Scispot's knowledge graphs are ontologies that contextually connect all of your data within the platform using nodes and edges. Scispot uses AI to collate the information from your ELN (labspaces) and LIMS (labsheets), and bring it together in one graphical format.
As a result, you can track the complete journey of your data and metadata along with their connections graphically.

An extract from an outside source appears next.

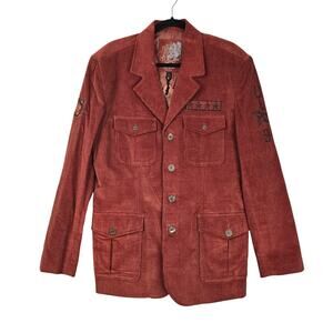 Metafuori Jacket Mens Large Rust Corduroy Military Utility Patch Embroidered NEW

Scispot also helps customers fine-tune the knowledge graph based on specific use cases per customer.
What are ontologies?
Ontologies in biotech serve as comprehensive frameworks to organize information, enabling entities within the domain to be interconnected uniquely. Think of a knowledge graph as a vast network where each node represents an entity (e.g., a gene, protein, or disease), and edges symbolize the relationships between them. This structure not only facilitates sophisticated searches across diverse datasets but also ensures the integrity of data through a complete chain of custody. For instance, in Scispot's platform, if you're investigating a specific protein's role in a disease, nodes would represent the protein and the disease, and edges would depict their relationship, such as "targets" or "is involved in".
Tracking Chain of Custody
A critical application of these ontologies is tracking the chain of custody in biotech research. For every sample or data point, the knowledge graph can meticulously record its origin, handling, and analysis history. This traceability ensures that researchers can verify the authenticity and integrity of their data, crucial for the reproducibility and validation of findings.
Example:
Imagine tracing the development of a new drug. Each step, from its initial discovery in a specific organism, through various stages of testing and modification, to its final approval for use, can be mapped. Nodes represent the drug at each stage, while edges document processes, results, and transfers between labs or facilities, ensuring transparency and accountability.
Utilizing Data for Machine Learning and Data Science
The rich, structured data from knowledge graphs is invaluable for training machine learning (ML) models, particularly in biotech AI companies aiming to create their own intellectual property (IP). Here's how:
Predictive Modeling: By analyzing the relationships and patterns within the graph, ML algorithms can predict outcomes like drug efficacy or side effects, expediting the discovery process.
Data Integration: Knowledge graphs enable the integration of heterogeneous data sources, offering a holistic view that enhances the quality of ML training datasets.
Personalized Medicine: Algorithms can use these graphs to recommend personalized treatment plans by correlating genetic information, disease markers, and drug interactions stored within the graph.
Example:
A biotech company might use a knowledge graph to train an algorithm that predicts the success rate of a novel therapy based on genetic markers. By feeding the model with data on how similar therapies have interacted with those markers in the past (extracted from the graph), the company can refine its research direction and potentially reduce development time and costs.
Conclusion
Scispot's knowledge graphs provide a foundational tool for organizing, tracking, and leveraging biotech data. By enabling precise tracking of the chain of custody and offering structured, interconnected datasets, these graphs are pivotal for advancements in research and the development of AI-driven solutions in biotech. The potential to accelerate discovery, optimize research methodologies, and foster innovation in creating proprietary technologies underscores the transformative impact of knowledge graphs in the field.